Data excerpt »
+++

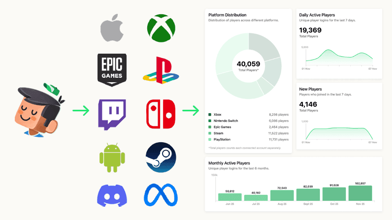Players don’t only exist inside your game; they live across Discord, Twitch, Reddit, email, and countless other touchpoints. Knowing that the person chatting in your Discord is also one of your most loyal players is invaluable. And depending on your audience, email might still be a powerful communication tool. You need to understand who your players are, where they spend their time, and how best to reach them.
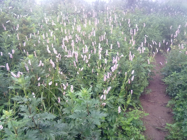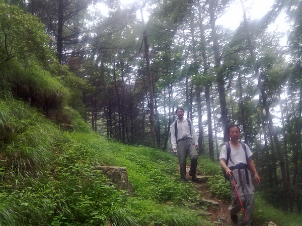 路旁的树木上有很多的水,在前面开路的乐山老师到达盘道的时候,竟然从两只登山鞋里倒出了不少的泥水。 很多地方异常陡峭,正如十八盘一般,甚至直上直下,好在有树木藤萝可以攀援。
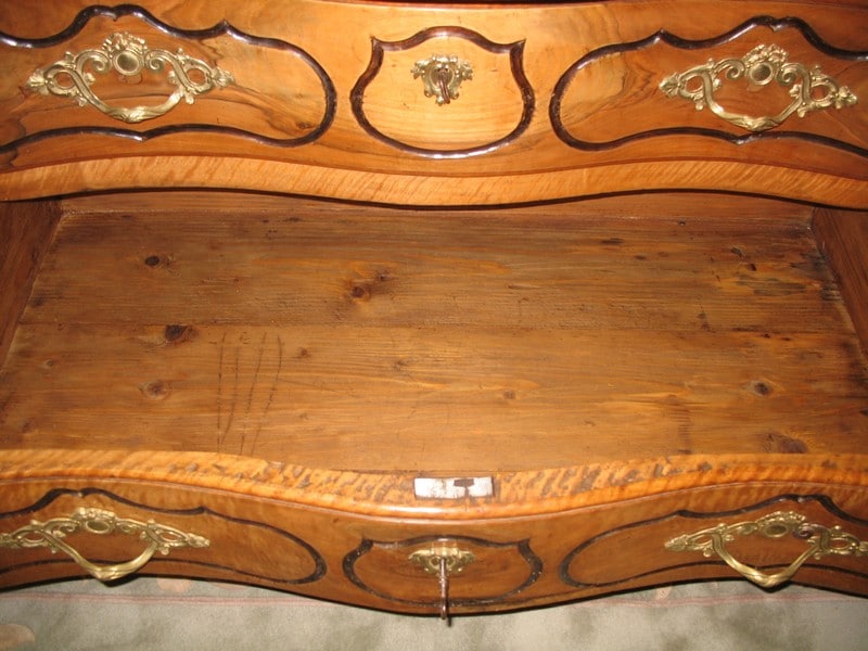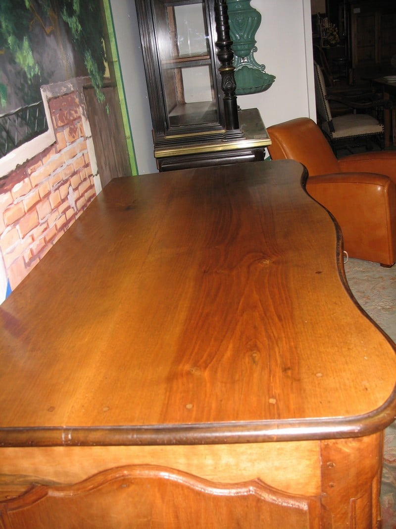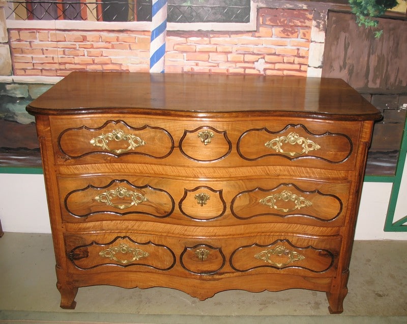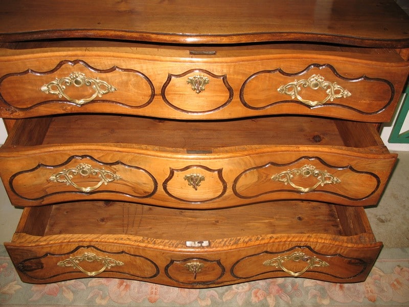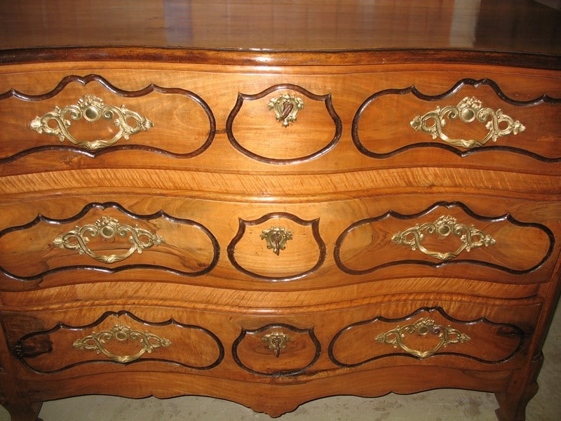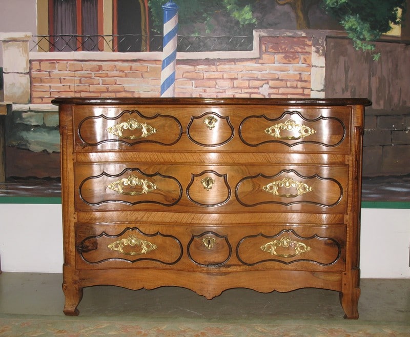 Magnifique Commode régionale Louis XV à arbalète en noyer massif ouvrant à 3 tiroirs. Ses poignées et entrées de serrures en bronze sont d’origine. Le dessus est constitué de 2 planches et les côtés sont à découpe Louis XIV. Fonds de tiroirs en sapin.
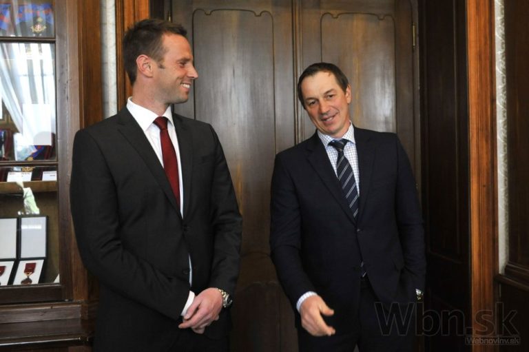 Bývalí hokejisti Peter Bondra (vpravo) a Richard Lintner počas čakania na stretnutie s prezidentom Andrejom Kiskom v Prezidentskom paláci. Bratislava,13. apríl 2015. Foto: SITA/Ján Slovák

+++

What to do »
Strip out the pictures and quote the remaining data word for word.

Solution »
Players don’t only exist inside your game; they live across Discord, Twitch, Reddit, email, and countless other touchpoints. Knowing that the person chatting in your Discord is also one of your most loyal players is invaluable. And depending on your audience, email might still be a powerful communication tool. You need to understand who your players are, where they spend their time, and how best to reach them.
 路旁的树木上有很多的水,在前面开路的乐山老师到达盘道的时候,竟然从两只登山鞋里倒出了不少的泥水。 很多地方异常陡峭,正如十八盘一般,甚至直上直下,好在有树木藤萝可以攀援。
 Magnifique Commode régionale Louis XV à arbalète en noyer massif ouvrant à 3 tiroirs. Ses poignées et entrées de serrures en bronze sont d’origine. Le dessus est constitué de 2 planches et les côtés sont à découpe Louis XIV. Fonds de tiroirs en sapin.
 Bývalí hokejisti Peter Bondra (vpravo) a Richard Lintner počas čakania na stretnutie s prezidentom Andrejom Kiskom v Prezidentskom paláci. Bratislava,13. apríl 2015. Foto: SITA/Ján Slovák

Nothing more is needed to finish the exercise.